How to prove $G$ is connected?

Question

Problem Description:

Given a tree $T$, we construct a graph $G$ where:

• The vertices of $G$ are the proper 3-colorings of $T$.
• An edge exists between two vertices in $G$ if the corresponding colorings differ at exactly one vertex in $T$.

The goal is to prove that the graph $G$ is connected.

My Current Proof Outline:

To prove the connectivity of $G$, we need to show that for any two proper 3-colorings $C_1 $ and $C_2$ of $T$, there exists a sequence of proper colorings starting from $C_1$ and ending at $C_2$ such that each consecutive pair of colorings in the sequence differ at exactly one vertex and are proper 3-colorings.

Definition of Proper 3-Coloring:

• A proper 3-coloring means that adjacent vertices in $T$ have different colors.

Question:

How can we rigorously prove this process, ensuring that every proper 3-coloring can indeed be reached from any other through a series of colorings that differ by only one vertex of $T$?
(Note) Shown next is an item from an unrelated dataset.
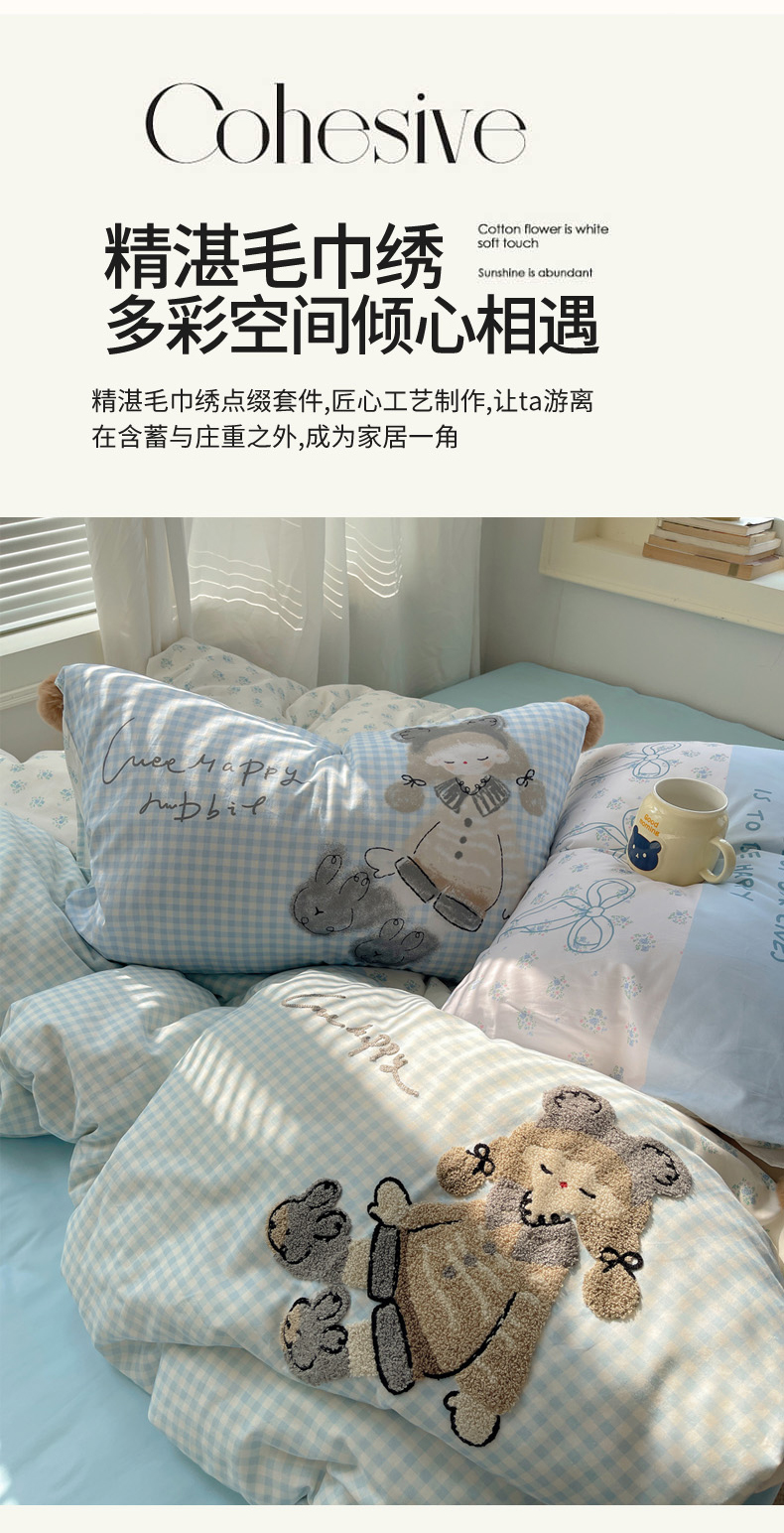 商品名称:(总)丽涵家纺 2026新款全棉数码印花毛巾绣四件套-少女派

Is there a more systematic approach to prove the connectivity of $ G $? Any detailed insights or alternative methods would be greatly appreciated.

additional perscription:

This question is exercise 1.5 of Markov Chains and Mixing Times,

Answer 1

I will only give a sketch of the argument. We will use induction on the number $n$ of vertices of $T$. When $n = 1$ the claim is clear. Suppose then that it holds for trees of size $n$. Let $T$ be a tree of size $n+1$. Pick a leaf $v$ of $T$. (This is where we really use the fact that $T$ is a tree.) Let $C_1,C_2$ be proper $3$-colorings of $T$. Their restrictions to $T - \{v\}$ are also proper $3$-colorings and hence by induction we get that there exists a path between them. Because $v$ was a leaf, this path also induces a path between $C_1$ and $C_2$. (This uses the fact that $v$ is a leaf, because we can modify the color of $v$ when it is necessary.)